I thought about this set of questions for a long time. Here’s my list…
No. 1: The most important thing for investors to understand about investing in stocks is simply what kind of businesses make for great investments and how to properly value these kinds of businesses.
You can think of this knowledge as your personal Google Earth for crossing “the desert” of investing. Knowing how to recognize great businesses and knowing what they’re worth is like knowing where the sand dunes are and how to get past them.
Here’s an example of what I mean: Do you think Markel (MKL) – trading around $770 a share – is an expensive stock? Why or why not?
If you can answer this question within 30 seconds by looking at a few key statistics, then you’re ready to cross the desert. If you can’t… you’re just not ready. You have to power up your satellite phone and spend more time studying your maps.
If you have no idea whether Markel is expensive or cheap, don’t worry. You’re not alone. Judging by my experiences with wealthy and business-savvy subscribers, I would estimate less than 10% of our subscribers really understand these concepts. Without this knowledge, I’m nearly certain you can’t be successful as an investor. Not for long, at least.
No. 2: The second thing I know you must have to “cross the desert” successfully is a strategy that will continue to make you money even when you’re wrong about the big picture.
I’ve been expecting a serious crash in stocks since 2013. So in my Investment Advisory, we trimmed our long positions by selling some stocks. And we hedged our exposure to the market by selling short some stocks.
But we didn’t sell everything. And we didn’t move to a 100% short portfolio. We’ve done great with our investments since 2013, even though my market outlook has been 100% dead wrong (so far).
The idea that you don’t ever want to bet the farm on any particular outlook (or any particular investment recommendation) is hard for most investors to understand and implement. When events in the world spook most individual investors, they simply pull out of stocks completely. They generally do so at the worst possible time. You have to learn how to make money even when you’re wrong about the market as a whole. And you have to follow your strategy… even when it’s scary.
No. 3: The last thing I think most individual investors either never learn or only learn the hard way after several big beatings is to never, ever chase what’s “hot.”
These investment “mirages” will cost you almost every time.
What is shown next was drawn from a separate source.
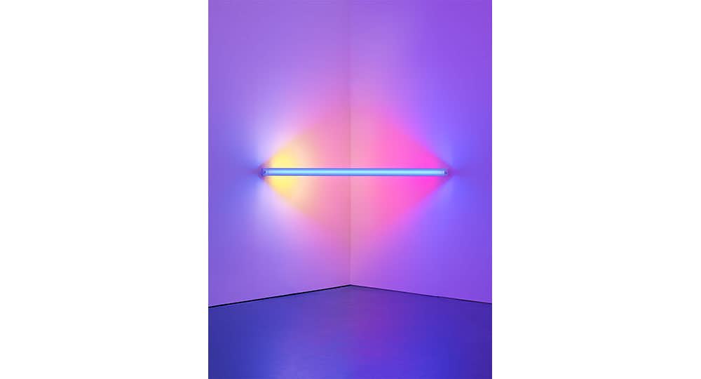本展の出発点となる作品は、市販されている蛍光灯を用いて私たちと環境との関係性への再考を促す、ダン・フレイヴィンの作品「untitled(to Virginia Dwan)2」。この作品は従来の色の光の線が交差、あるいは平行することで構成され、街のネオンをイメージしたマルチカラーの光が空間が景観を一変させる。

It takes a lot of discipline to stick with great businesses that you can personally understand. It takes discipline to buy them when you can get them at a reasonable price. It takes discipline to follow your position-size limits.
When a great new business comes along – like online auctioneer eBay (EBAY) in the early 2000s – learn to be patient. Follow it for years, and buy it when it comes into your range.
If you had bought eBay back in 2004, you’d be up a little more than $3 per share today (from $58 to $61) more than a decade later. Sure, eBay was and is a great business with a huge “moat.” Nevertheless, investors who chased after it while it was “hot” saw their investments decline almost 90%. It was far better to have bought it for less than $15 a share back when it was trading for a reasonable price.
Over the next three days, I’ll be going over these three concepts in detail. I hope you’ll take the time to read these essays and think about them. (Remember, there’s no such thing as teaching, only learning.) Knowing these ideas is the best advantage I can give you as an investor. You don’t have to be a genius to be a great investor. But you need the proper map. And you need the discipline to follow it.